Critically review pandemic strategy
Dr. Eberhard Laas, Facharzt für Allgemeinmedizin, Großheubach
Der Hausarzt, 07, 20.04.20
The disease with the coronavirus is on everyone’s lips. According to what is known so far, this disease can certainly be compared with the viral flu (influenza) in terms of infectivity, course of the disease and mortality. In a particularly serious influenza epidemic in 1995/96, there were about 30,000 flu deaths (approx. 3.5 percent) among the 800,000 who died in Germany. During my work as a general practitioner, more than 150 patients came to my practice every day for about two weeks during severe influenza epidemics, house calls increased to 20 per day. Laboratory tests for influenza were rarely carried out at the beginning of the epidemic, as they were of no importance to the treating physician. There were no deaths from influenza without concomitant diseases. Hospital admissions due to influenza were generally not made. Painkillers, antipyretics and cough blockers were prescribed. The flu epidemics in my practice ended abruptly after two to three weeks, because after about ten days probably all the patients I was looking after had had contact with the virus. The decisive difference to the current approach to the corona pandemic was that we general practitioners were naturally responsible for treating a viral flu and not virologists, civil servants and politicians. Our family doctor system passed its test.

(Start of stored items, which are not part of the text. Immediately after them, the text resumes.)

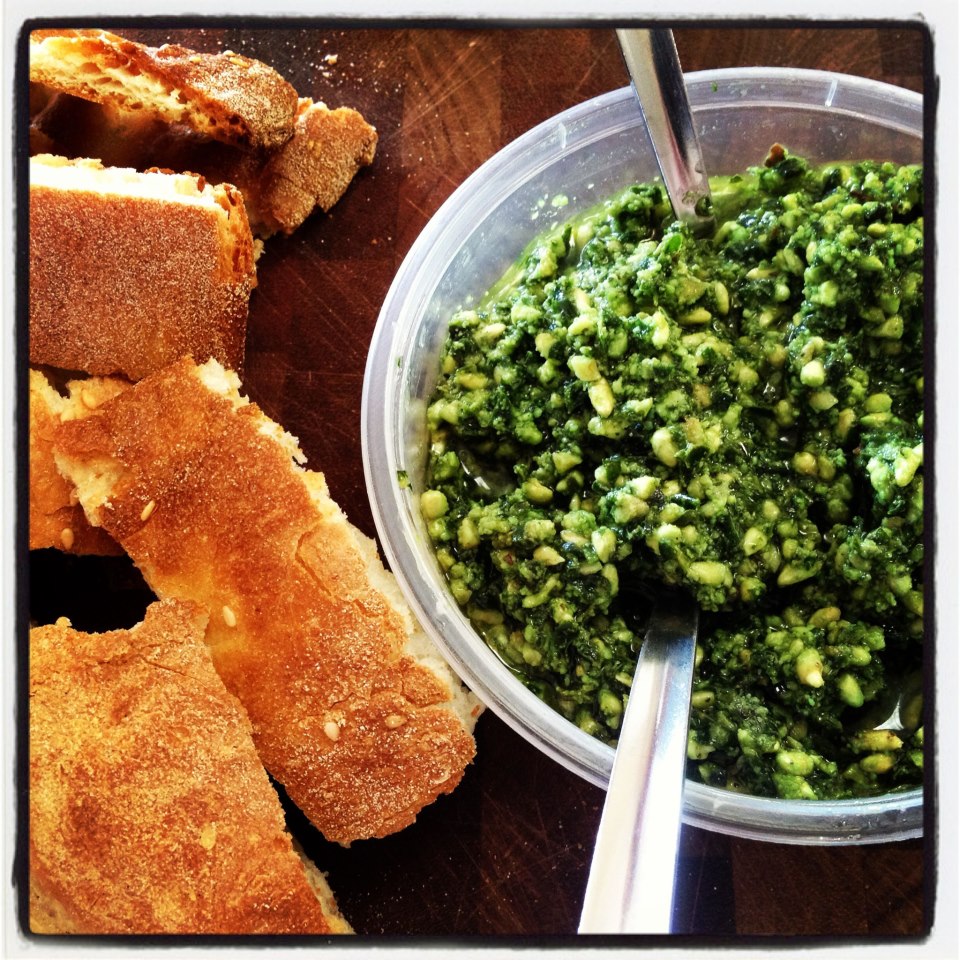Some beautiful bread (Toasted Turkish bread, fresh baguette, even a loaf of Tip Top would work) and a tub of their basil pesto and I’m a happy camper.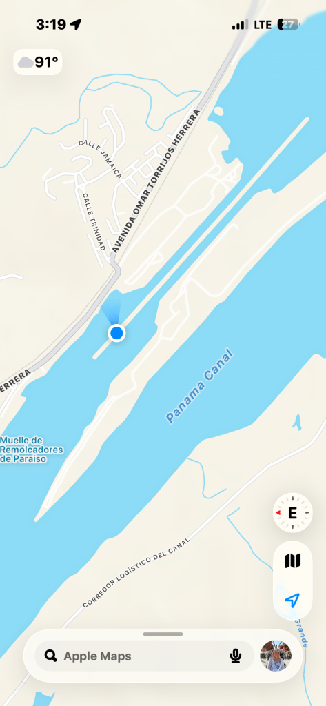 At this point in our day, we’d been in the Canal for over 7 hours and it had started pouring rain. The climate here is much like FL in that it goes from humid, crazy heat to downpour to sunny heat again in very short periods! We got rain off and on for about the next two hours.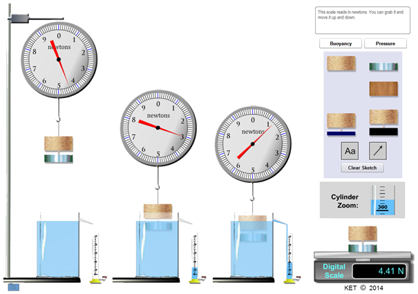 It's useful to leave all three cylinders fully submerged at about the same depth and then click the different icons to switch among the three materials. There is one thing that is the same regardless of the cylinder chosen. What is it? Why?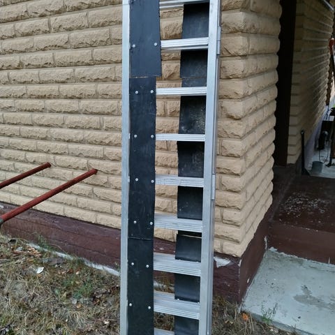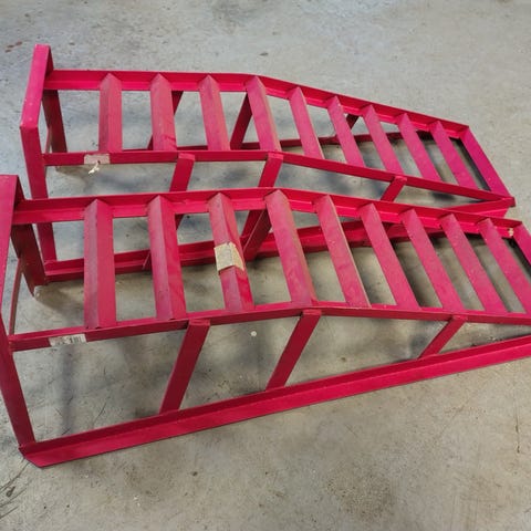 Metallinen ramppi, jossa on pitkittäiset poikkipalkit liukumisen estämiseksi. Ramppi on suunniteltu helpottamaan kulkua esimerkiksi pyörätuolilla tai raskaiden esineiden siirtämiseen. Materiaali on kestävä metalli, ja ramppi soveltuu ulkokäyttöön. Pitus 3.50m L 40c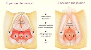 El suelo pélvico está compuesto por dos triángulos (anterior y posterior). En el centro del suelo pélvico se sitúa el tendón central del perineo, el cual elevamos y absorbemos hacia arriba y hacia dentro mediante el cierre de muladhara bandha.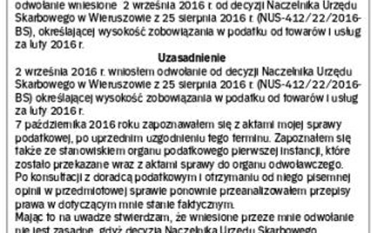 18 lipca 2016 roku naczelnik urzędu skarbowego wydał decyzję o określeniu Stanisławowi Wawrzycznemu, prowadzącemu działalność gospodarczą RRBU „Halibut", zobowiązania podatkowego w podatku od towarów i usług za luty 2016 roku. 25 lipca 2016 roku pan Stanisław złożył od tej decyzji odwołanie, które zostało następnie 2 sierpnia 2016 roku przekazane organowi odwoławczemu. 8 sierpnia 2016 roku podatnik zapoznawał się w siedzibie organu odwoławczego z aktami jego sprawy. Po konsultacji z doradcą podatkowym pan Stanis- ław zdecydował się na wycofanie odwołania. 9 sierpnia 2016 roku złożył wniosek o wycofanie odwołania, wpłacając jednocześnie kwotę VAT wynikającą z decyzji organu pierwszej instancji.
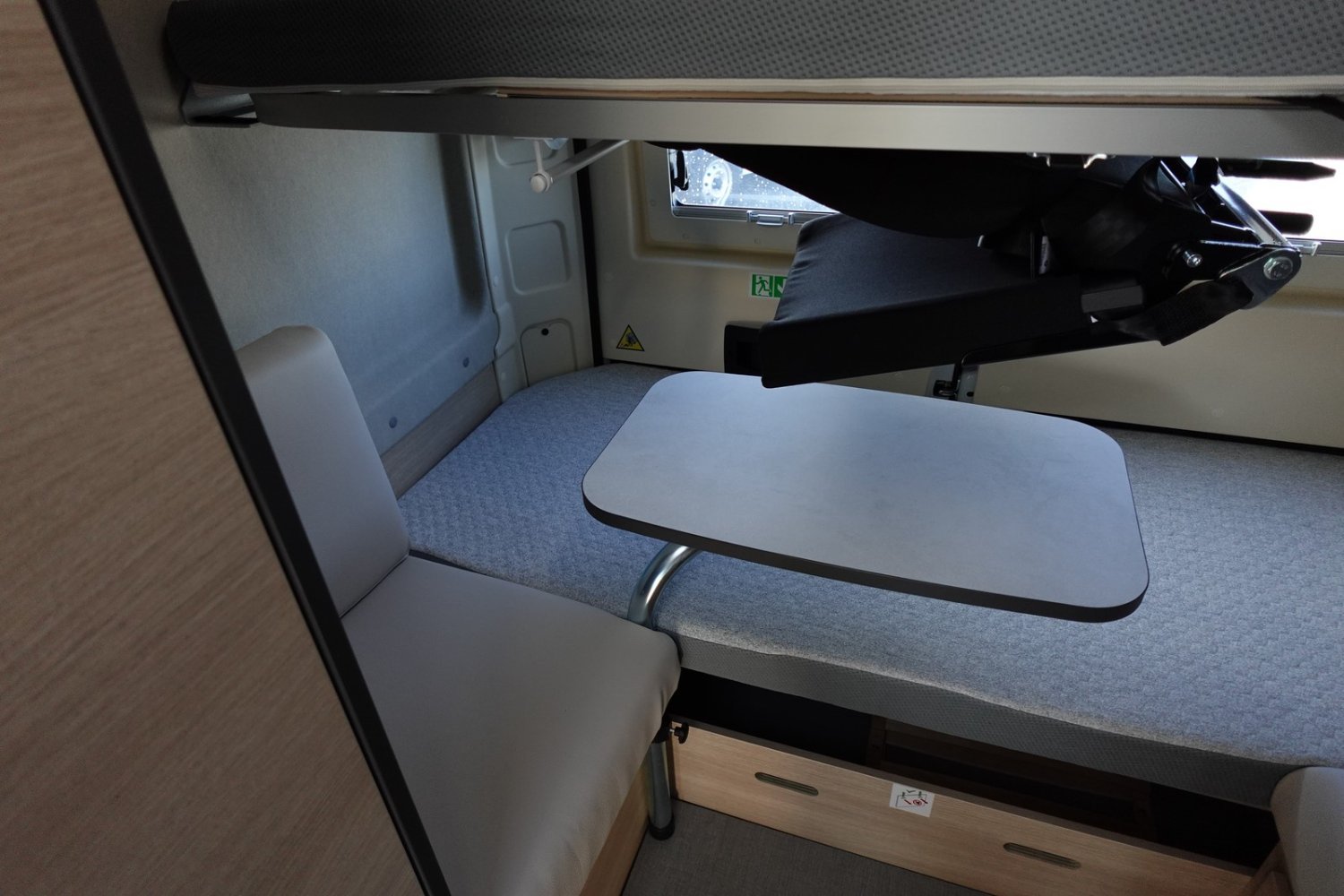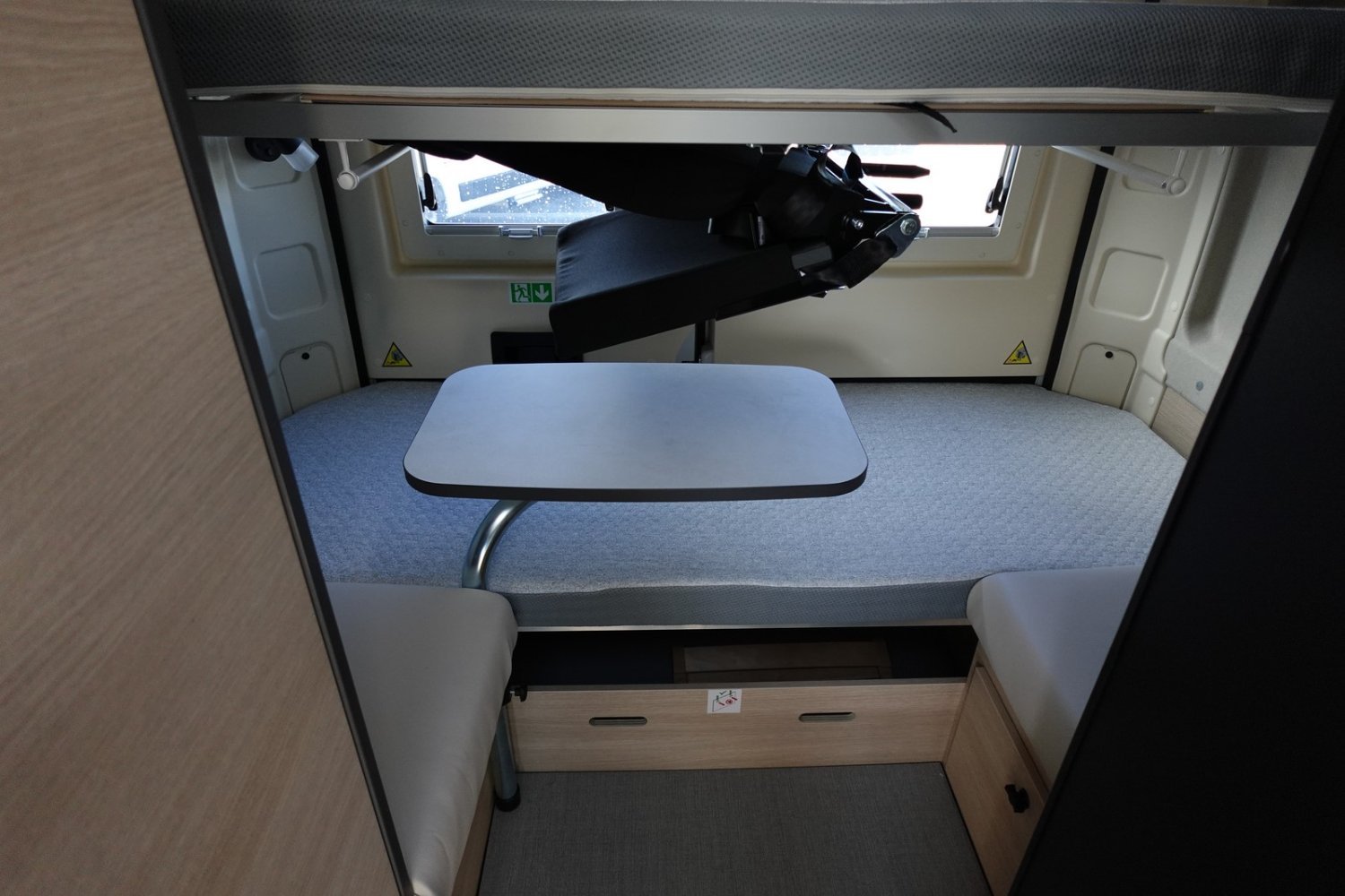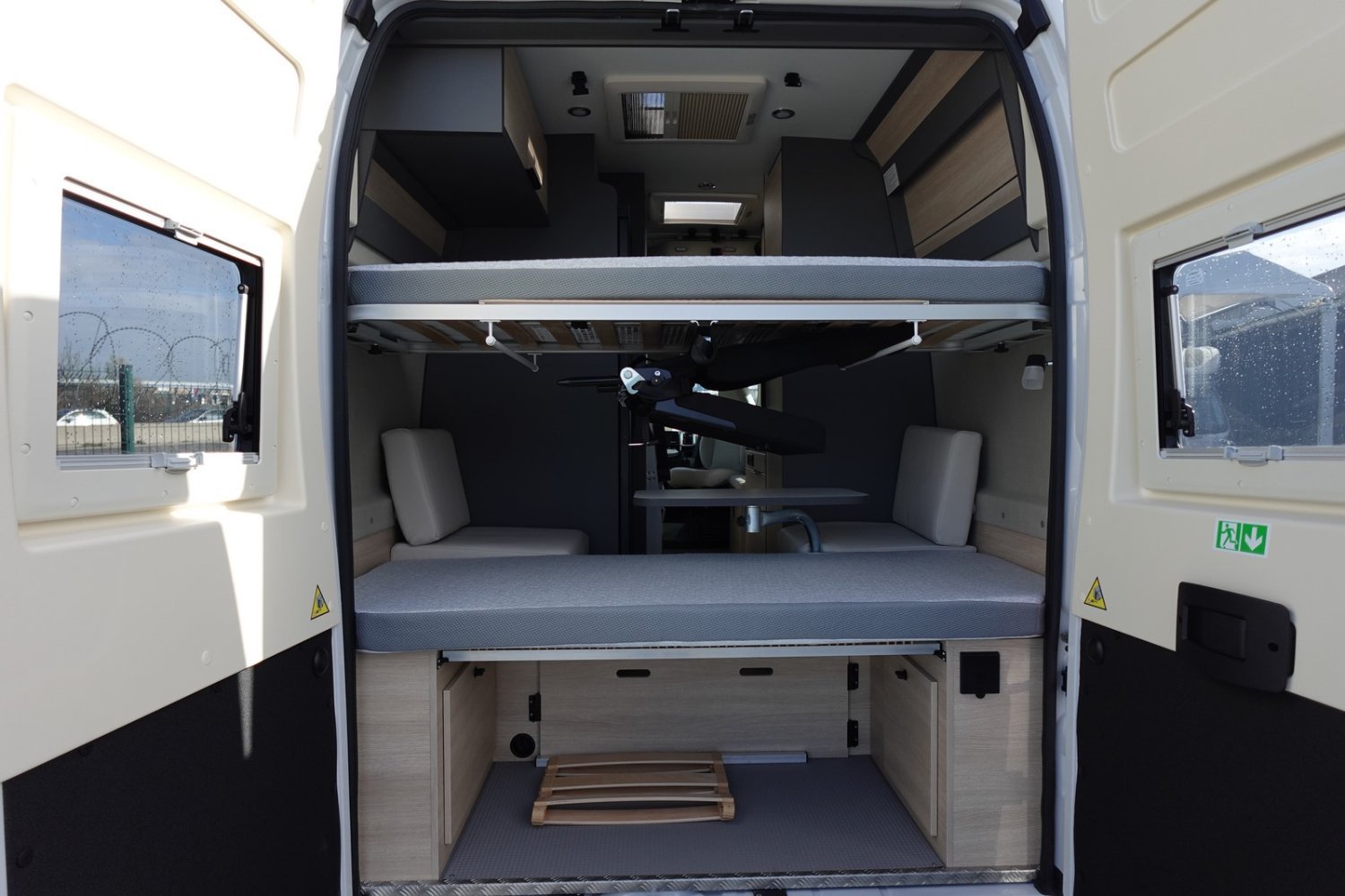 Fourgon aménagé familial comprenant un salon avant panoramique, une salle d’eau avec douche et WC, des lits superposés arrière avec salon enfant, une cuisine avec de nombreux rangements et un lit de pavillon 2 places. 5 places couchage et 5 places carte grise.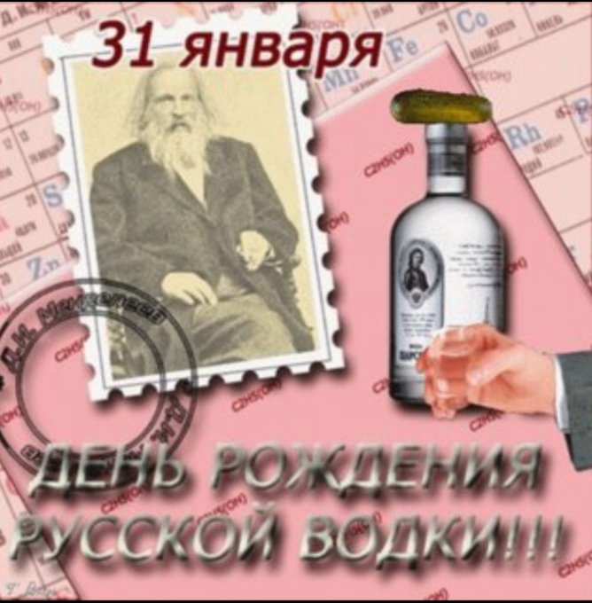 🔹31 января 1865 года русский ученый Дмитрий Менделеев защитил докторскую диссертацию на тему «Соединение спирта с водою» и эта дата почему-то считается Днём рождения русской водки. Крепость 40% в качестве государственного стандарта ввел министр финансов Российской империи М.Х. Рейтерн в 1866 году. В 1894 году российское правительство запатентовало «менделеевскую» рецептуру водки «Московская особенная» как русскую национальную водку. С тех пор водка стала атрибутом праздничного стола.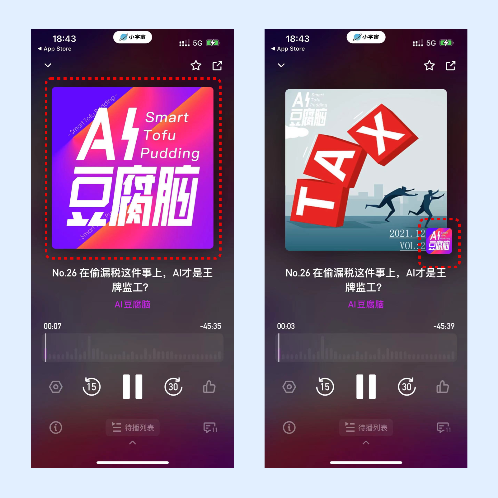 在小宇宙中收听电台节目,在播放页中首先展示播客的头像,之后缩小至右下角显示封面,再次点击头像后可以放大。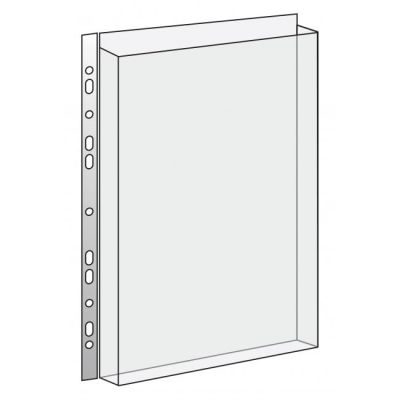 Priehľadný obal z polypropylénu. Vďaka veľkej kapacite je obzvlášť vhodný na zakladanie katalógov, cenníkov a objemnejších dokumentov. Eurodierovanie, povrch mierne pórovitý, spodný a bočný klin v šírke 23 mm, horná chlopňa. Otvorené spodné rohy obalu zaistia, že sa rohy vložených dokumentov neohnú a nezničia. Otvor zhora, formát A4, hrúbka 170 µm. Balenie 5 ks v sáčku.Materiál: polypropylénPopis: 23 mm klín, chlopňa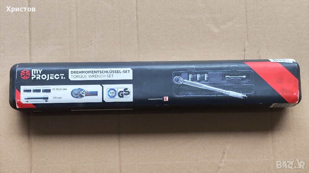 Динамометричен ключ MY PROJECT 40-210nm с удължител 125мм и вложки 17, 91 и 21мм.

There was no economic crisis, the shares did not plummet, there was toilet paper and canned food in the shops, and the treatment was almost cost-neutral when budgeted. Patients felt that they were in good hands with us general practitioners and behaved extremely level-headedly. My „ladies“ (practice staff) organized the changed practice procedure calmly and professionally. I very much hope that after the coronavirus pandemic has subsided, a critical examination will be made of whether the current treatment strategy was really sensible compared to the past. The next flu epidemic is sure to come.